I have a Ridgid lathe that has an indexing pin,so if nothing else I should be able to use it for fluting table legs with a router, shouldn't I. All I need to do is build a frame that will allow the router to travel the length of my lathe bed, right? Thinking, thinking, thinking.


----------



## Karson (May 9, 2006)

Mark has one, He used it to create his entries in the Winter Contest.

I have a friend that has one but it sits collecting dust. and he has a big one


----------



## Chipncut (Aug 18, 2006)

Os, here's an image of one , you can get the idea of how to do it.


----------



## Obi (Oct 19, 2006)

And here all this time I thought Mark was doing that by hand… I demand a recount.


----------



## oscorner (Aug 7, 2006)

Karson, you need to snatch that machine up from your friend, but then again I'm sure he'll let you use it if you need to. That would be my fear…that unless I go into building furniture for a living…I wouldn't have the time or need for such a machine. Mark has learned well how to design his pieces and how to make the most of his equipment.

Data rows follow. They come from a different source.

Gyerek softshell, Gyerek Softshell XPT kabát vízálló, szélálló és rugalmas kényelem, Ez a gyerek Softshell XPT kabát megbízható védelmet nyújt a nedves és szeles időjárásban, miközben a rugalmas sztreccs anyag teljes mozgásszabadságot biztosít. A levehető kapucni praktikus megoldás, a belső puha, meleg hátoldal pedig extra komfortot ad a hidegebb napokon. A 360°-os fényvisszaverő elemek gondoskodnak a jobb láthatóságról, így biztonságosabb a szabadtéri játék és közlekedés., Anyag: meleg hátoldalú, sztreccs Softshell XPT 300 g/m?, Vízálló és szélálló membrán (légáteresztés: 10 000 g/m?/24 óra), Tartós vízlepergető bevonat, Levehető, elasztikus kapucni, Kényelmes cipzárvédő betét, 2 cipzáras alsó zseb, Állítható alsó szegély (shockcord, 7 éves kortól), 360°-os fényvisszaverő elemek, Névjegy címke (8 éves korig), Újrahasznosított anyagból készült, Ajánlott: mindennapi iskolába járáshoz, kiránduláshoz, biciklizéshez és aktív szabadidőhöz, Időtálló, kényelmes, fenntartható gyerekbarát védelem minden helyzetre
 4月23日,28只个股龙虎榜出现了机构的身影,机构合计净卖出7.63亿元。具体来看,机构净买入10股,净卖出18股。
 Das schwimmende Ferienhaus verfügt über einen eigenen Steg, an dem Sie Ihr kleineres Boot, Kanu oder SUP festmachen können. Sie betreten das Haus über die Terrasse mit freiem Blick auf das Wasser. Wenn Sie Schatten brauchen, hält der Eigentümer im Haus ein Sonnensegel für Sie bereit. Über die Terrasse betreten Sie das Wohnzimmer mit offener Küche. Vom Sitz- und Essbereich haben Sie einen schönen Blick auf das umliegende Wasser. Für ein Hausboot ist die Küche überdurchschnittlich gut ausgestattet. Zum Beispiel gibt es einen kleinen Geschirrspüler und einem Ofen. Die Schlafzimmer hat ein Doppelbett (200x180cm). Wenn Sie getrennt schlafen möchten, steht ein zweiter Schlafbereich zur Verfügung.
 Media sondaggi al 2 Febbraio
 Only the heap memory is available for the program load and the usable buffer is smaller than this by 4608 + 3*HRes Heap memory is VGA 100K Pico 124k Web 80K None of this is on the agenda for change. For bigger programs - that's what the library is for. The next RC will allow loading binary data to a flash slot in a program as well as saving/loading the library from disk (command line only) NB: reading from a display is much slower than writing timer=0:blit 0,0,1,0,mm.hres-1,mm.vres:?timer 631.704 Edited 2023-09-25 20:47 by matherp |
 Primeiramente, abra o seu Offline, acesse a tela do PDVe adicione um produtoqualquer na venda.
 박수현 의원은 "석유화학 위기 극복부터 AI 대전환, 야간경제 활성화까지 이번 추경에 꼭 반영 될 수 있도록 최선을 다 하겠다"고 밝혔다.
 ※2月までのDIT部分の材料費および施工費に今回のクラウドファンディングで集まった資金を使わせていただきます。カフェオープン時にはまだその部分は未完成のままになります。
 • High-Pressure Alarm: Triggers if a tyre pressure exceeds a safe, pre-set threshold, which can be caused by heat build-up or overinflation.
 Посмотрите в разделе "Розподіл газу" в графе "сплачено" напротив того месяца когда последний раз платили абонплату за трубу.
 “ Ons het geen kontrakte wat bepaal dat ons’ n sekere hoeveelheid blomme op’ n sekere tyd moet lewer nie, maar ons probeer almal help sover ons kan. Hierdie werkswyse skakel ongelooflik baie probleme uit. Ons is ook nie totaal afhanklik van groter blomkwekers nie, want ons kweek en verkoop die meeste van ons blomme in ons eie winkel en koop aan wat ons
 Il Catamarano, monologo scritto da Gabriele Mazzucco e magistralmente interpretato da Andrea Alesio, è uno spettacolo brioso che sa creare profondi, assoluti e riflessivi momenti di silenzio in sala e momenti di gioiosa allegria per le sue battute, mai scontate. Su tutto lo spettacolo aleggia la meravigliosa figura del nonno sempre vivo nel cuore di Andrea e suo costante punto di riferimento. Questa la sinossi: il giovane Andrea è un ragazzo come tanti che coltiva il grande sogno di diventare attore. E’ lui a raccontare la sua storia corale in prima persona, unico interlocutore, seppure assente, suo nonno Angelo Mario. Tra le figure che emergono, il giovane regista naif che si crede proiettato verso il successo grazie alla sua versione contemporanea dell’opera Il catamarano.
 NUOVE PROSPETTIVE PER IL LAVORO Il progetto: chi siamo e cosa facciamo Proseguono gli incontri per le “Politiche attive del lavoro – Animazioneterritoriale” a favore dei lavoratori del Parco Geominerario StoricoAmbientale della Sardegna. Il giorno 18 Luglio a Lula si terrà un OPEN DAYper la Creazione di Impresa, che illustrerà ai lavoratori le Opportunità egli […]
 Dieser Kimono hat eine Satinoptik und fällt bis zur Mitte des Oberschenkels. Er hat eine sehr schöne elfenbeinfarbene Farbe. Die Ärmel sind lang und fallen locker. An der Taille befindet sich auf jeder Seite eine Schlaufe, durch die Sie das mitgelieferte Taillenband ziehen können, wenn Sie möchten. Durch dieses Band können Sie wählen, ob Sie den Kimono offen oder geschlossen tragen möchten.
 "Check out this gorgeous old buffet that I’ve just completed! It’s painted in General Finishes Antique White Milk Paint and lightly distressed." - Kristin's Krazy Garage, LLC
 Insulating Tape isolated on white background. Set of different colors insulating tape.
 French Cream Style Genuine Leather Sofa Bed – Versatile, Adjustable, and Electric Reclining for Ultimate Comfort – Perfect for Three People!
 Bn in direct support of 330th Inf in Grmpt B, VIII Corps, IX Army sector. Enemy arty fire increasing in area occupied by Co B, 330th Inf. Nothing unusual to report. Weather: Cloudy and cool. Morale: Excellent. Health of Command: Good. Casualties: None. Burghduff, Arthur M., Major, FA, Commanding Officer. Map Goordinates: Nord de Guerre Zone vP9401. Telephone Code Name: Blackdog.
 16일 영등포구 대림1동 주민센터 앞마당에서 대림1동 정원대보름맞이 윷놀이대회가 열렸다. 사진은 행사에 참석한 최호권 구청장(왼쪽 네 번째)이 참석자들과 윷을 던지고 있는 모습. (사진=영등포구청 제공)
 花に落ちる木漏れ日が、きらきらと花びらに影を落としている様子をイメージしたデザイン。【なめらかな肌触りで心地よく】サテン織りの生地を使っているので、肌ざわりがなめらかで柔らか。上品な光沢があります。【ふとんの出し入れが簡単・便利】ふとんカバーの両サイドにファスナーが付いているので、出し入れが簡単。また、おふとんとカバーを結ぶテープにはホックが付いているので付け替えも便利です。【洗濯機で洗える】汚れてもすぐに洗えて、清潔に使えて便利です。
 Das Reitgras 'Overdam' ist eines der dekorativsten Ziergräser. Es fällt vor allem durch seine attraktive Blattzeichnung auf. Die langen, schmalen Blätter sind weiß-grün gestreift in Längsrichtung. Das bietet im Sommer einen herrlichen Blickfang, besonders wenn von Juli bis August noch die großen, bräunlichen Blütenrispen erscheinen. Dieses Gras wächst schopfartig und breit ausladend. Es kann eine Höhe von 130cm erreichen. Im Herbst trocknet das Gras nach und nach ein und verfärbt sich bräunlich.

Dick, thanks for the picture. What book is that? I was hoping that one of you would have made one yourselves so you could steer me in the right direction as to what not to do.

Mark, I'd appreciate your input on the Legacy Mill, especially after seeing the superb work that you have done with it. How about a write up? Thanks.


----------



## Karson (May 9, 2006)

My friend is my Son-in-laws father. And yes I could use it but we are now 200 miles apart after I moved.

He has promised his wife a 4 poster bed with fluted spindles but that was 4 years ago. I keep telling him bring the wood to my shop and we'd get it started but he hasn't shown up yet.


----------



## oscorner (Aug 7, 2006)

Maybe he's afraid that if he does, she'll demand he sell that Legacy Mill? Just offer him one of those beautiful pieces that you make and tell him he has to come pick it up and he'll be there in a flash. I know you would definitely get him moving in the right direction.

200 miles!! Just bring enough stock with you to do all the tables and chairs and bed post you need for the next year or two. It'll be worth the trip! ;^)


----------



## bbrooks (Jan 3, 2007)

There you go, trade the bed for the mill. Both of you will win on that one.


----------



## a1Jim (Aug 9, 2008)

Os 
There's a web site with a demo I think it is legacywoodworking .com

Jim


----------



## FredG (Apr 11, 2008)

Jim, check the in memorium link under the Jocks tab.


----------



## Cantputjamontoast (Jan 1, 2009)

Fine woodworking #90

Sept Oct 1991

Author Norman Zentil

Spiral rounting

You can get it free from the FWW site

My mistake- I did not realize this gentleman passed away. If he was right that Jesus is Lord then he is working American Chestnut right now with the most famous carpenter that ever lived. I think he's right. My sympathy to all who knew him.


----------



## CindyDrozda (Feb 2, 2010)

We just bought a used Legacy. It's an old one, model 1000, and I wouldn't recommend buying this particular model because it's out of production and not supported by the factory (a bit frustrating). The new models are built better and solve a lot of the "issues" that I am having to figure out solutions for.
All that aside, this is a very, very COOL machine! Lots of incredible possibilities! We got it for an historical restoration project where I need to figure out how to duplicate lots of different fluted, reeded, profiled, spiraled, and roped balusters. All with square pommels. What fun!! So far, I have had to learn about gear reduction. And have found several "excuses" to spend time in the (metal) machine shop! Stuff like this really opens up my eyes to the world of possibilities in woodworking.


----------



## donbee (Feb 7, 2009)

I have the 1500EX and, while I like it, it doesn't get used a lot.
Its too hard to set up to use frequently.
But I won't be getting rid of it.
I have done some very interesting things with it and will reserve it for special projects.
When I get around to building my new ballustrade for the entry stairs it will get some intense use!

ddwwb


----------